Gluten Free Pie Crust Recipe
With more documented cases of celiac disease and gluten sensitivities than ever before, it is no surprise that there are gluten free recipes for just about any kind of food, and that includes pie. In the past most pies have been baked using wheat flour as a base with a mix of butter or shortening as a binding agent. Unfortunately, for those who can't properly digest gluten, it means less dessert options.

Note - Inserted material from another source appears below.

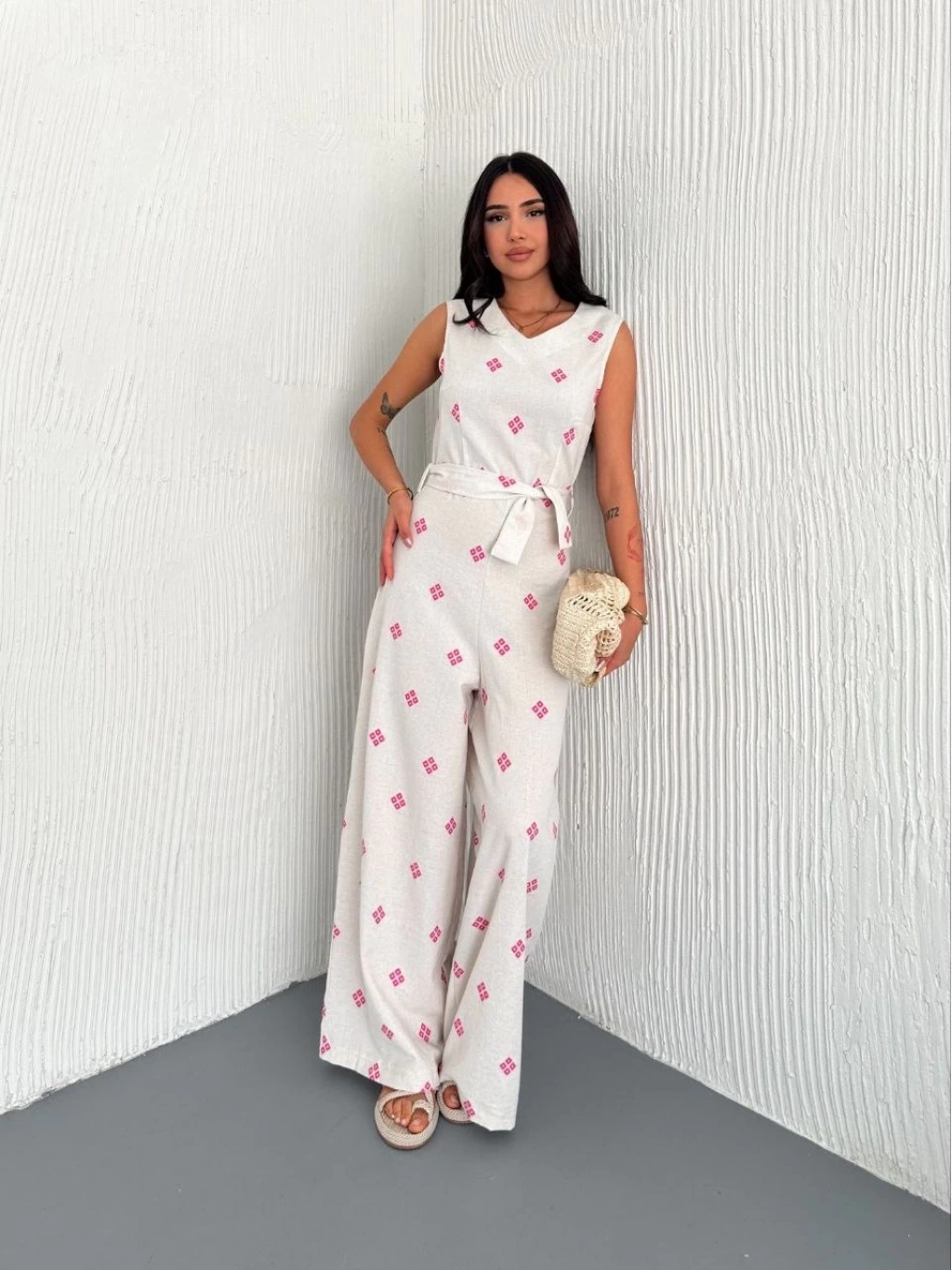 Sırt dekolteli keten beyaz tulum, gardırobunuzun şıklığını tamamlayacak harika bir seçenektir.

One thing that is particularly important when seeking out a good gluten free pie crust recipe is to recognize that gluten free recipes are different than those with gluten. This usually means creating a whole new recipe rather than trying to redesign an old one to work with gluten free ingredients. Baking tends to be an exact science, so when you find a recipe that looks like it might work for you try it out. There may be a few tweaks needed to make it just right.
Gluten Free Pie Crust Recipe:
Prep Time: 15 min.
Total Time: 15 min.
Serving Size: This recipe makes 2 Bottom Pie Crusts or 1 Set (top & bottom) Pie Crusts.
- 2 cups of Erika's All Purpose Gluten Free Flour (or you can use King Arthur's Brand)
- ½ cup Palm Shortening, Coconut Oil, or Real Butter
- 1 egg
- ⅔ cup water (approx. depending on consistency - add a little at a time - not too wet, not too dry.)
- ½ tsp salt (or season to taste)
- 2 tsp sugar or alt. sweetener for desserts if desired (or sweeten to taste)
1.) Mix together Gluten Free Flour along with optional Salt & Sugar.
2.) Add in Shortening (or butter), and mix until crumbly.
3.) Add in Egg and mix until well incorporated - mixture will still be crumbly.
4.) Add Water by stirring in 1 TBSP at a time until dough holds together for rolling - better a little moist, then too dry.
5.) Cut Mixture in Half and roll into 2 balls (one for each crust or topping).
6.) Shape dough balls into disc with floured hands and place onto a sheet of floured parchment or wax paper.
7.) Cover with an additional sheet of parchment or wax paper. Roll crust out to slightly larger than your pie tin.
8.) Remove top parchment/wax paper and Slip hand gently under the bottom paper to flip into pie tin... carefully peeling back the paper as you press it into the pan. Don't worry if it breaks apart a little, you can always press it together and it will look great!
9.) Crimp edges of crust to make a decorative edge... or top with an additional crust layer after adding your pie filling.
10.) Pierce bottom slightly with fork (and slit top layer with knife to vent).
11.) Fill with Chicken Pot Pie Mixture or Dairy Free Pumpkin Pie Filling Recipe or your favorite recipe and bake.
12.) Follow the pie recipe you are using for bake time and temperature.
- Pre-Bake for approx. 15 minutes at 425 degrees if you need a pre-baked pie crust for your recipe.
- Or, you may par-bake the crust for 5-7 minutes to firm up the crust prior to adding your filling
- To prevent the crust from shrinking, add dry beans or pie weights during baking time.